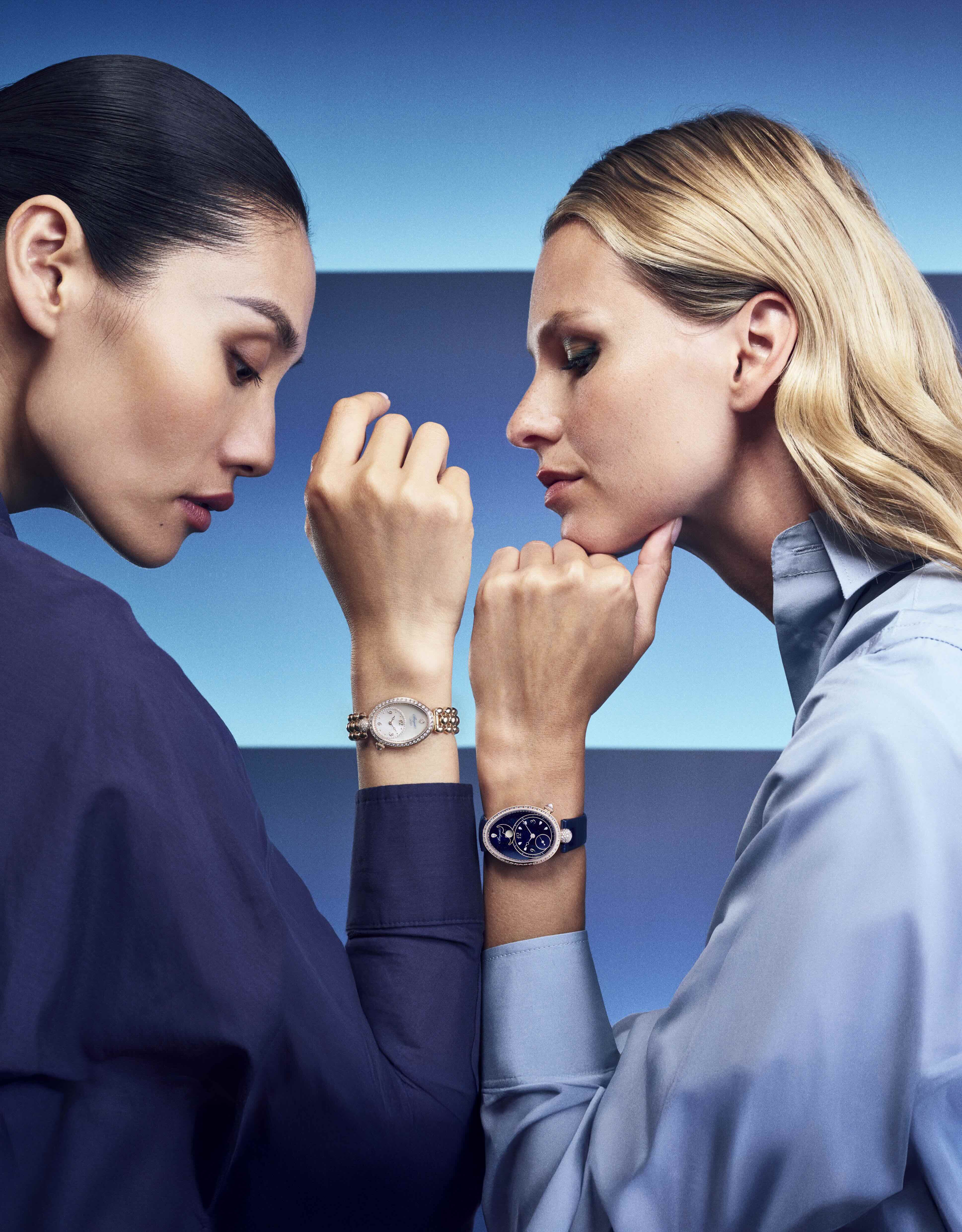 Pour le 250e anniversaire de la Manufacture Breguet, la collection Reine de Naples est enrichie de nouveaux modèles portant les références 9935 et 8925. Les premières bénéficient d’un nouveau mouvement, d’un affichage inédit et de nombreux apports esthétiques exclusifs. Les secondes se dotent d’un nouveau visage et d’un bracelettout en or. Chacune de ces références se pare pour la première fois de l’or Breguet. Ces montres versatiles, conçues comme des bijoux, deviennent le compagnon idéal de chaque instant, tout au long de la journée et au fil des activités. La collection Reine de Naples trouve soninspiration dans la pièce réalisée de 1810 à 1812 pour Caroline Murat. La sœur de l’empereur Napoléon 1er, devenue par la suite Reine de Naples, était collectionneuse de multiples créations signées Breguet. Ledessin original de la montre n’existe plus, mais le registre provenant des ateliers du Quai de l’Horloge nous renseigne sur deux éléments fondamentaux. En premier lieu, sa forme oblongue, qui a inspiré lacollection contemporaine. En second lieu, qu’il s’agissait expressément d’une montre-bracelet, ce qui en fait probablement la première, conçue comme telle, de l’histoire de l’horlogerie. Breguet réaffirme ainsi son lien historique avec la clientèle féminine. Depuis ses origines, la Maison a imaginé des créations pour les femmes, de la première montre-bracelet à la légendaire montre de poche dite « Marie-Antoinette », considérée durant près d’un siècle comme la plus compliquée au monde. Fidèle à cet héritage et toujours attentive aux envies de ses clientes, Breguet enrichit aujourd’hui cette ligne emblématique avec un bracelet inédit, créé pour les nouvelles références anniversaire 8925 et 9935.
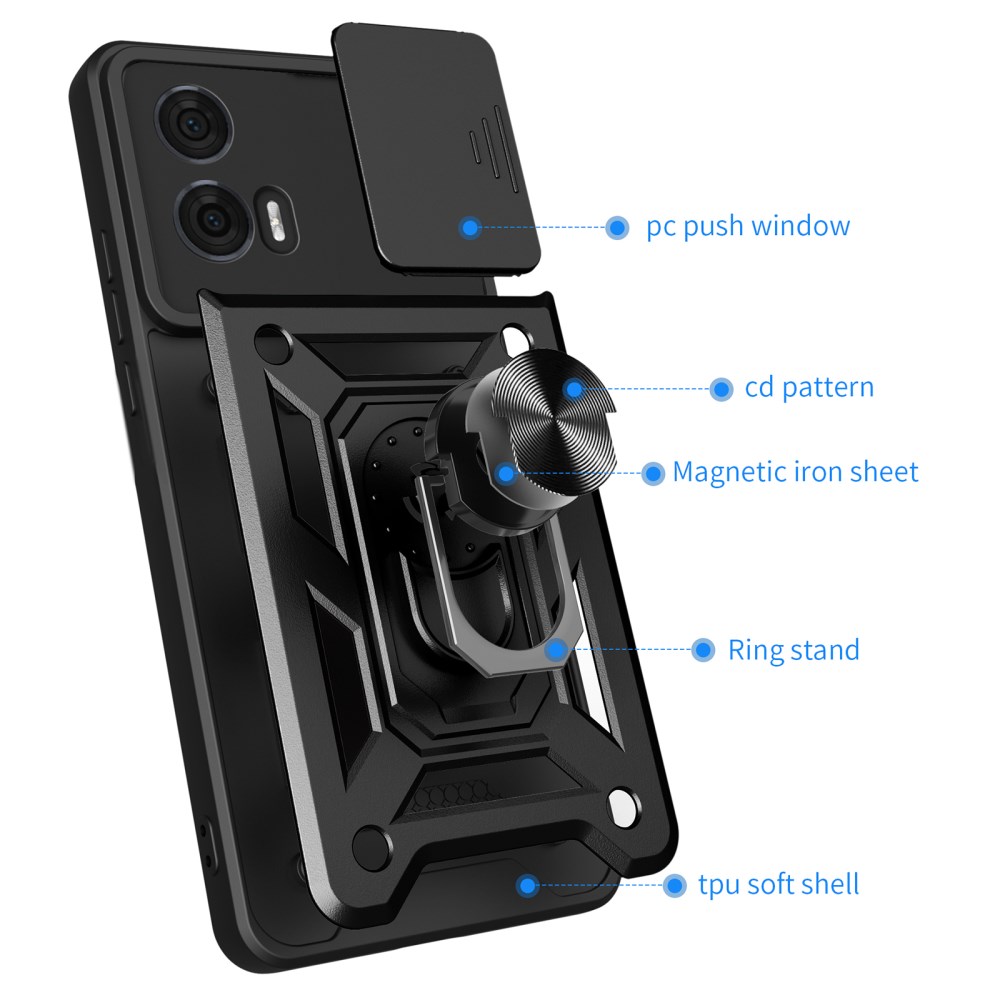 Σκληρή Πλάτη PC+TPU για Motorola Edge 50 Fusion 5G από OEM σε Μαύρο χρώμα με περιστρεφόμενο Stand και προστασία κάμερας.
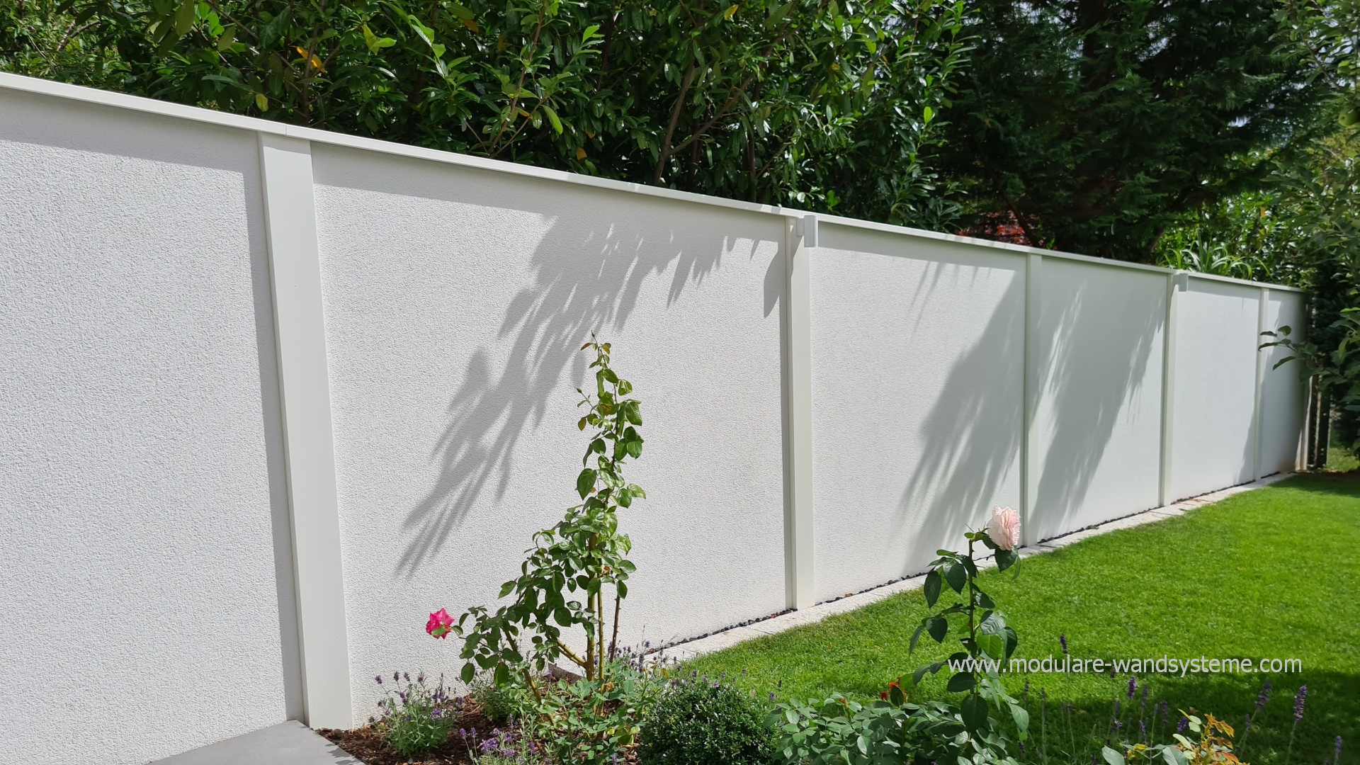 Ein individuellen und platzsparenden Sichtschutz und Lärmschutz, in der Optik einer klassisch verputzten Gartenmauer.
---
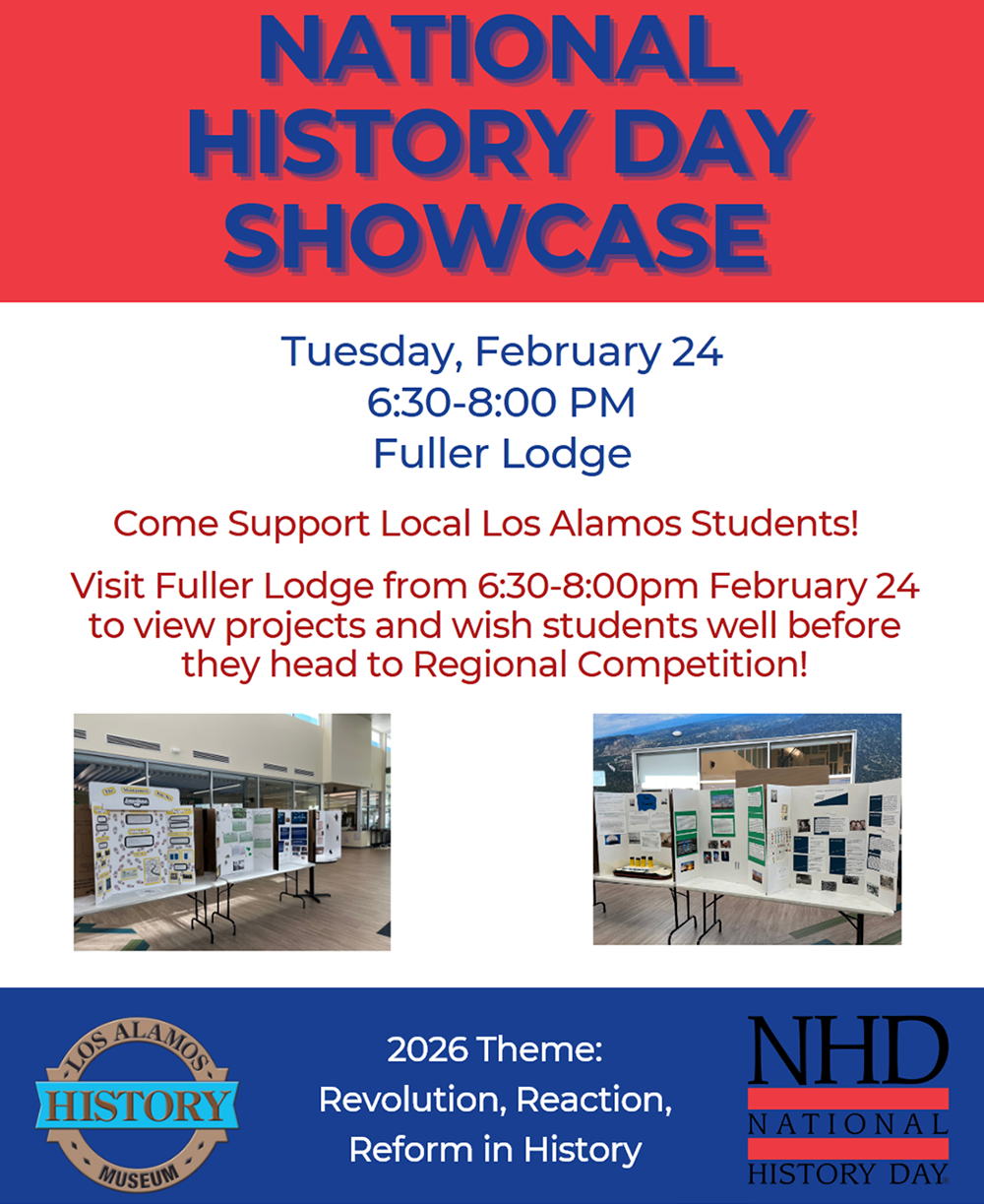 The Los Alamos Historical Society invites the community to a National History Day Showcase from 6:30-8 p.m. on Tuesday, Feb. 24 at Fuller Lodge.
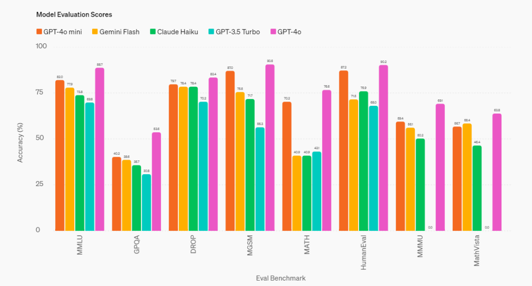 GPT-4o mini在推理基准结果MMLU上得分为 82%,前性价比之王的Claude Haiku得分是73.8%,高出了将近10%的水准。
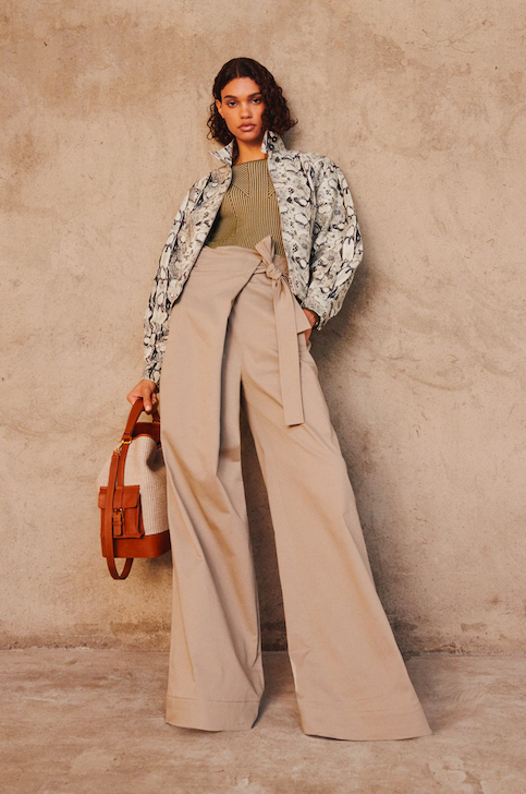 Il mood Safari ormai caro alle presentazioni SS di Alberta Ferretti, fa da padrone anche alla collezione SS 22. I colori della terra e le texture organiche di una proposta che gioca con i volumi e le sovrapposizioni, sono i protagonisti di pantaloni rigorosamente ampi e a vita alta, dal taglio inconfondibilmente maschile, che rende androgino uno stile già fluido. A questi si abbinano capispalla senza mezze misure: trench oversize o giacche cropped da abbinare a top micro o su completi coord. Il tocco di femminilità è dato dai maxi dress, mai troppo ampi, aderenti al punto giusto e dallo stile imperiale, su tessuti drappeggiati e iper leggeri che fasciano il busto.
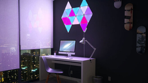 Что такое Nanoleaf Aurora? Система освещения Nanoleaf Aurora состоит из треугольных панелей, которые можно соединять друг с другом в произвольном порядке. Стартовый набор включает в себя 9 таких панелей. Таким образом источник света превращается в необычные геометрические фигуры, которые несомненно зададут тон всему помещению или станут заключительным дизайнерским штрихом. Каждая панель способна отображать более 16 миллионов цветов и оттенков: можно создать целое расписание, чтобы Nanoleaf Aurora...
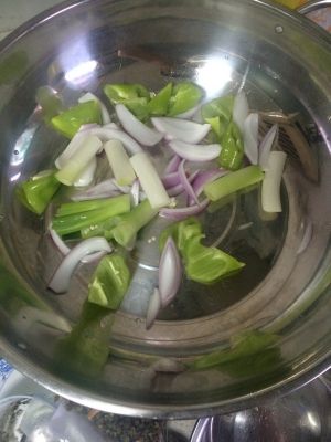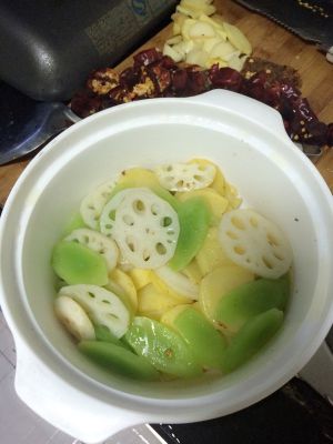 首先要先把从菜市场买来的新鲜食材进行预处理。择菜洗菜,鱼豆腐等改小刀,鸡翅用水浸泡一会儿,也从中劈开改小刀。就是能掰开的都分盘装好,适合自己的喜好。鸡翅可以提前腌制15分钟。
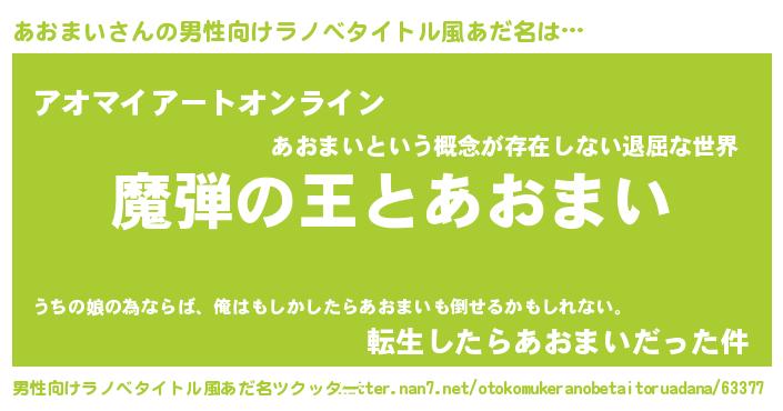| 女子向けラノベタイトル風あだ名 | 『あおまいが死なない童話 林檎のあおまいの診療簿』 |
...
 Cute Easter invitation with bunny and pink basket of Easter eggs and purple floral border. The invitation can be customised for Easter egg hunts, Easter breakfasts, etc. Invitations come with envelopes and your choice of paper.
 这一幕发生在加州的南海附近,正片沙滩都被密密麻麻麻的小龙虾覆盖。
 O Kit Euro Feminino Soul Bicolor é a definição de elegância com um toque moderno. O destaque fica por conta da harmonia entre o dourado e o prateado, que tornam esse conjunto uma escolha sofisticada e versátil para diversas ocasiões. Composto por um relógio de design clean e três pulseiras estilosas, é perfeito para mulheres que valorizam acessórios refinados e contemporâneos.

- Your objective:
Your reply should consist solely of the lines above from the line containing "Что такое Nanoleaf" up to and including the line containing "女子向けラノベタイトル風あだ名 | 『あおまいが死なない童話 林檎のあおまいの診療簿』 |", reproduced exactly, minus the pictures.

- Completed exercise:
 Что такое Nanoleaf Aurora? Система освещения Nanoleaf Aurora состоит из треугольных панелей, которые можно соединять друг с другом в произвольном порядке. Стартовый набор включает в себя 9 таких панелей. Таким образом источник света превращается в необычные геометрические фигуры, которые несомненно зададут тон всему помещению или станут заключительным дизайнерским штрихом. Каждая панель способна отображать более 16 миллионов цветов и оттенков: можно создать целое расписание, чтобы Nanoleaf Aurora...
 首先要先把从菜市场买来的新鲜食材进行预处理。择菜洗菜,鱼豆腐等改小刀,鸡翅用水浸泡一会儿,也从中劈开改小刀。就是能掰开的都分盘装好,适合自己的喜好。鸡翅可以提前腌制15分钟。
| 女子向けラノベタイトル風あだ名 | 『あおまいが死なない童話 林檎のあおまいの診療簿』 |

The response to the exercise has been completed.